Arrigo Benedetti (June 1, 1910 – October 26, 1976) was an Italian journalist and writer. He was also the editor of important news magazines: Oggi (1939–1941), L'Europeo (1945–54), L'Espresso (1955–63), and Il Mondo (1969–72). Born as Giulio, he changed his name to Arrigo in 1933.[1]
Arrigo Benedetti | |
---|---|
Born | Lucca, Italy | June 1, 1910
Died | October 26, 1976 Rome, Italy | (aged 66)
Nationality | Italian |
Occupation(s) | Journalist and writer |
Known for | Editor of Oggi, L'Europeo, L'Espresso, and Il Mondo |
Early life
editArrigo Benedetti was born in Lucca, in Tuscany (Italy). In 1937 he moved to Rome where he joined his study friend Mario Pannunzio. Both started to work the weekly Omnibus edited by Leo Longanesi. Omnibus was suppressed by Mussolini’s Fascist regime two years later. Benedetti and Pannunzio founded Oggi in 1939 until its suppression in 1941.[2][3]

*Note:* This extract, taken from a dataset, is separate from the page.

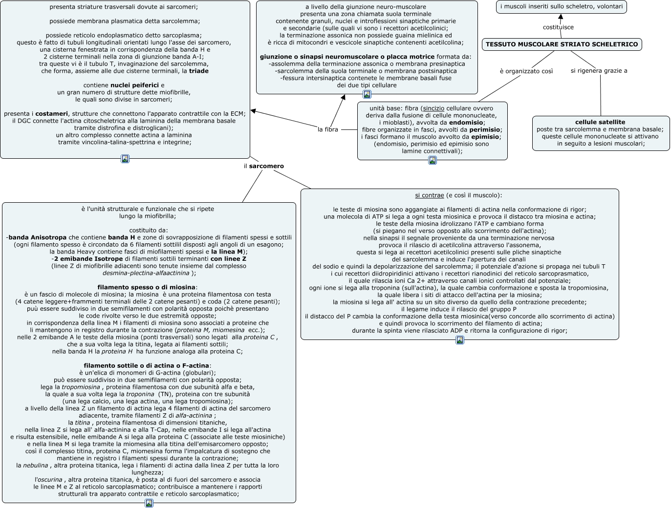 Questa Cmap, creata con IHMC CmapTools, contiene informazioni relative a: TESSUTO MUSCOLARE STRIATO SCHELETRICO, unità base: fibra (sincizio cellulare ovvero deriva dalla fusione di cellule mononucleate, i mioblasti), avvolta da endomisio; fibre organizzate in fasci, avvolti da perimisio; i fasci formano il muscolo avvolto da epimisio; (endomisio, perimisio ed epimisio sono lamine connettivali); la fibra a livello della giunzione neuro-muscolare presenta una zona chiamata suola terminale contenente granuli, nuclei e introflessioni sinaptiche primarie e secondarie (sulle quali vi sono i recettori acetilcolinici; la terminazione assonica non possiede guaina mielinica ed è ricca di mitocondri e vescicole sinaptiche contenenti acetilcolina; giunzione o sinapsi neuromuscolare o placca motrice formata da: -assolemma della terminazione assonica o membrana presinaptica -sarcolemma della suola terminale o membrana postsinaptica -fessura intersinaptica contenete le membrane basali fuse dei due tipi cellulare, TESSUTO MUSCOLARE STRIATO SCHELETRICO costituisce i muscoli inseriti sullo scheletro, volontari, unità base: fibra (sincizio cellulare ovvero deriva dalla fusione di cellule mononucleate, i mioblasti), avvolta da endomisio; fibre organizzate in fasci, avvolti da perimisio; i fasci formano il muscolo avvolto da epimisio; (endomisio, perimisio ed epimisio sono lamine connettivali); la fibra presenta striature trasversali dovute ai sarcomeri; possiede membrana plasmatica detta sarcolemma; possiede reticolo endoplasmatico detto sarcoplasma; questo è fatto di tubuli longitudinali orientati lungo l'asse dei sarcomero, una cisterna fenestrata in corrispondenza della banda H e 2 cisterne terminali nella zona di giunzione banda A-I; tra queste vi è il tubulo T, invaginazione del sarcolemma, che forma, assieme alle due cisterne terminali, la triade contiene nuclei peiferici e un gran numero di strutture dette miofibrille, le quali sono divise in sarcomeri; presenta i costameri, strutture che connettono l'apparato contrattile con la ECM; il DGC connette l'actina citoscheletrica alla laminina della membrana basale tramite distrofina e distroglicani); un altro complesso connette actina a laminina tramite vincolina-talina-spettrina e integrine;, presenta striature trasversali dovute ai sarcomeri; possiede membrana plasmatica detta sarcolemma; possiede reticolo endoplasmatico detto sarcoplasma; questo è fatto di tubuli longitudinali orientati lungo l'asse dei sarcomero, una cisterna fenestrata in corrispondenza della banda H e 2 cisterne terminali nella zona di giunzione banda A-I; tra queste vi è il tubulo T, invaginazione del sarcolemma, che forma, assieme alle due cisterne terminali, la triade contiene nuclei peiferici e un gran numero di strutture dette miofibrille, le quali sono divise in sarcomeri; presenta i costameri, strutture che connettono l'apparato contrattile con la ECM; il DGC connette l'actina citoscheletrica alla laminina della membrana basale tramite distrofina e distroglicani); un altro complesso connette actina a laminina tramite vincolina-talina-spettrina e integrine; il sarcomero si contrae (e così il muscolo): le teste di miosina sono aggangiate ai filamenti di actina nella conformazione di rigor; una molecola di ATP si lega a ogni testa miosinica e provoca il distacco tra miosina e actina; le teste della miosina idrolizzano l'ATP e cambiano forma (si piegano nel verso opposto allo scorrimento dell'actina); nella sinapsi il segnale proveniente da una terminazione nervosa provoca il rilascio di acetilcolina attraverso l'assonema, questa si lega ai recettori acetilcolinici presenti sulle pliche sinaptiche del sarcolemma e induce l'apertura dei canali del sodio e quindi la depolarizzazione del sarcolemma; il potenziale d'azione si propaga nei tubuli T i cui recettori diidropiridinici attivano i recettori rianodinici del reticolo sarcoprasmatico, il quale rilascia ioni Ca 2+ attraverso canali ionici controllati dal potenziale; ogni ione si lega alla troponina (sull'actina), la quale cambia conformazione e sposta la tropomiosina, la quale libera i siti di attacco dell'actina per la miosina; la miosina si lega all' actina su un sito diverso da quello della contrazione precedente; il legame induce il rilascio del gruppo P il distacco del P cambia la conformazione della testa miosinica(verso concorde allo scorrimento di actina) e quindi provoca lo scorrimento del filamento di actina; durante la spinta viene rilasciato ADP e ritorna la configurazione di rigor;, TESSUTO MUSCOLARE STRIATO SCHELETRICO è organizzato così unità base: fibra (sincizio cellulare ovvero deriva dalla fusione di cellule mononucleate, i mioblasti), avvolta da endomisio; fibre organizzate in fasci, avvolti da perimisio; i fasci formano il muscolo avvolto da epimisio; (endomisio, perimisio ed epimisio sono lamine connettivali);, presenta striature trasversali dovute ai sarcomeri; possiede membrana plasmatica detta sarcolemma; possiede reticolo endoplasmatico detto sarcoplasma; questo è fatto di tubuli longitudinali orientati lungo l'asse dei sarcomero, una cisterna fenestrata in corrispondenza della banda H e 2 cisterne terminali nella zona di giunzione banda A-I; tra queste vi è il tubulo T, invaginazione del sarcolemma, che forma, assieme alle due cisterne terminali, la triade contiene nuclei peiferici e un gran numero di strutture dette miofibrille, le quali sono divise in sarcomeri; presenta i costameri, strutture che connettono l'apparato contrattile con la ECM; il DGC connette l'actina citoscheletrica alla laminina della membrana basale tramite distrofina e distroglicani); un altro complesso connette actina a laminina tramite vincolina-talina-spettrina e integrine; il sarcomero è l'unità strutturale e funzionale che si ripete lungo la miofibrilla; costituito da: -banda Anisotropa che contiene banda H e zone di sovrapposizione di filamenti spessi e sottili (ogni filamento spesso è circondato da 6 filame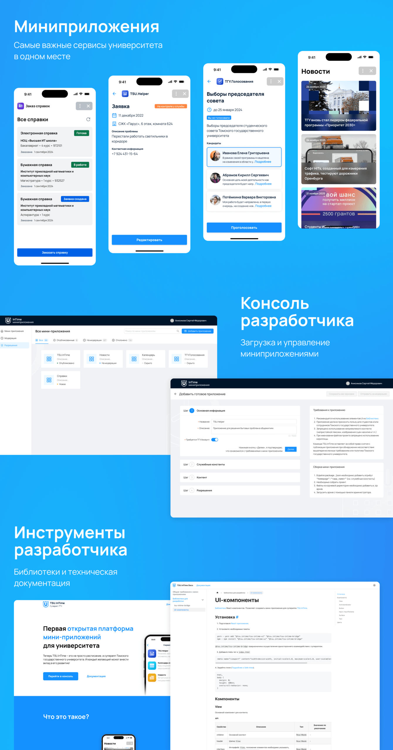 Мы подошли к задаче как к построению единой цифровой платформы, а не отдельного приложения. На базе первой версии приложений создали экосистему TSU.InTime, где все ключевые сервисы вуза доступны «из одного окна» на мобильных устройствах, а новые функции подключаются как миниприложения без перегрузки основной кодовой базы.

In December 1943 he was arrested, but managed to escape when the prison was hit by an Allied bombardment. He moved to Milan and joined the resistance against the German occupying forces and the Mussolini-led Italian Social Republic (Repubblica Sociale Italiana).[2]
Editor
editIn November 1945, he launched the news magazine L'Europeo with Gianni Mazzocchi.[4] A journalist of particular importance himself, he created the so-called "Benedetti school of journalism" with journalists such as Tommaso Besozzi, Enzo Biagi, Giorgio Bocca, Oriana Fallaci and Indro Montanelli.[5] The magazine paid special attention to photographic image and documentary photography. According to Benedetti: "People look at articles, but read the photos" (Gli articoli si guardano, le fotografie si leggono).[6]

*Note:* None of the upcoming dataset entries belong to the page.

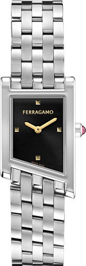 An asymmetric case lends contemporary edge to an elegant bracelet watch featuring a clean, minimalist dial and gleaming square markers for geometric intrigue.
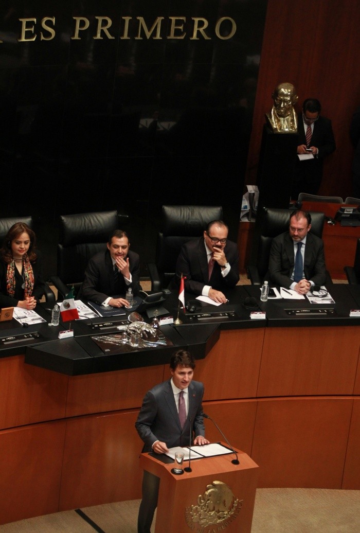 El primer ministro de Canadá, Justin Trudeau, afirmó que aún queda mucho por hacer en materia de derechos humanos y pidió a los legisladores luchar por mejores empleos para la clase media, así como de las mujeres y de las niñas."México y Canadá tienen una visión compartida del progreso", dijo durante su mensaje que pronunció en el Senado, en el que reiteró su apoyo a los mexicanos, luego de los sismos del 7 y 19 de septiembre pasado.Desde la tribuna de la Cámara alta y en español, Trudeau aseguró que "el respeto al derecho ajeno es la paz", frase del Benemérito de las Américas, Benito Juárez.El primer ministro de Canadá, Justin Trudeau, fue aclamado por el pleno del Senado de la República, en sesión solemne, en la cual expresó su voluntad porque las negociaciones de la modernización de TLC de América del Norte culmen exitosamente.Trudeau levantó de sus escaños al pleno, particularmente cuando expuso su decisión de impulsar los derechos de las mujeres y los niños, y al subrayar la importancia de la política de género en los países de la región América del Norte.En sesión solemne, el canadiense destacó que en la modernización del TLCAN se debe incluir también la protección laboral, con reglas progresistas.Dijo que alcanzar la meta de ganar-ganar-ganar, necesita mejores condiciones de trabajo y salarios.A la sesión solemne abierta para recibir al premier canadiense asistieron el presidente de la Cámara de Diputados, Jorge Carlos Ramírez Marín; los secretarios de Relaciones Exteriores, Luis Videgaray Caso y de Economía, Ildefonso Guajardo Villarreal.El presidente del Senado, Ernesto Cordero Arroyo, dijo a Trudeau que "juntos somos más fuertes", y en la región América del Norte, "la suma es mayor que sus partes", y exhortó a que "reforcemos la alianza a un futuro mejor".Cordero Arroyo, a favor del progreso de las negociaciones del TLC, destacó la importancia de que se promueva una mayor movilidad laboral, en la región.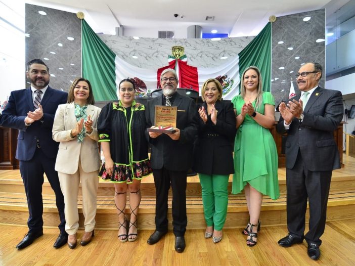 El artista fue inscrito también como persona galardonada en el muro de honor de la Sala de Visitantes Distinguidos del Poder Legislativo y recibió un cheque correspondiente a 59 mil 427 pesos.
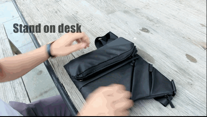 ですがベスティーには、メッセンジャーバッグの折り畳み部分を広げて、自立させるスタンド機能があります。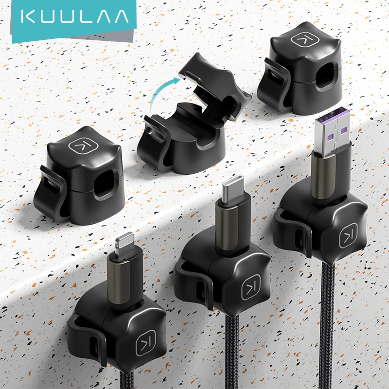 Comprar KUULAA-Soporte adhesivo para cables, organizador para el hogar, oficina, bajo gestión de escritorio, 6 paquetes

In 1953, the Rizzoli publishing company bought the publication, when during the Korean War the original publisher was not able anymore to cover rising expenses. The price of paper surged from 100 to 280 lire per kilogram. The original editor Benedetti left the magazine and launched a new weekly, L'Espresso, in October 1955, with Eugenio Scalfari, and backed by the progressive industrialist Adriano Olivetti, manufacturer of Olivetti typewriters.[3]

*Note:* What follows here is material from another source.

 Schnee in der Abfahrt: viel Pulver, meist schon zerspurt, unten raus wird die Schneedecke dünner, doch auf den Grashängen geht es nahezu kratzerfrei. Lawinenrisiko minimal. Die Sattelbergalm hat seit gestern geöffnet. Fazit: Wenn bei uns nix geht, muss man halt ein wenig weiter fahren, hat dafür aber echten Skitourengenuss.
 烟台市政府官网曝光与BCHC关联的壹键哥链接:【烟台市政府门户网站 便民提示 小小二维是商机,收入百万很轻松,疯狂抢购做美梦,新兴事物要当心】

Benedetti was the editor-in-chief until 1963, when he handed over to Scalfari. L'Espresso was characterized from the beginning by an aggressive investigative journalism strongly focussed on corruption and clientelism by the Christian Democrat party. In the 1950s it uncovered major scandals in the health and housing industries.[7] In 1969 Benedetti refounded the weekly newsmagazine Il Mondo, founded by his old friend Mario Pannunzio in 1949, but discontinued in 1966.
Novelist
editAs a novelist, Benedetti’s narrative style is characterized by a realistic and immediate language often comparerd with Italian neorealist cinema, in particular in his last book of fiction, Rosso al vento (Red in the Wind), describing life in Italy during World War II. His meticulous attention to everyday reality is manifest in all his novels from I misteri della città (The Mysterious of the City) (1941) to Gli occhi (Eyes) (1970).[8]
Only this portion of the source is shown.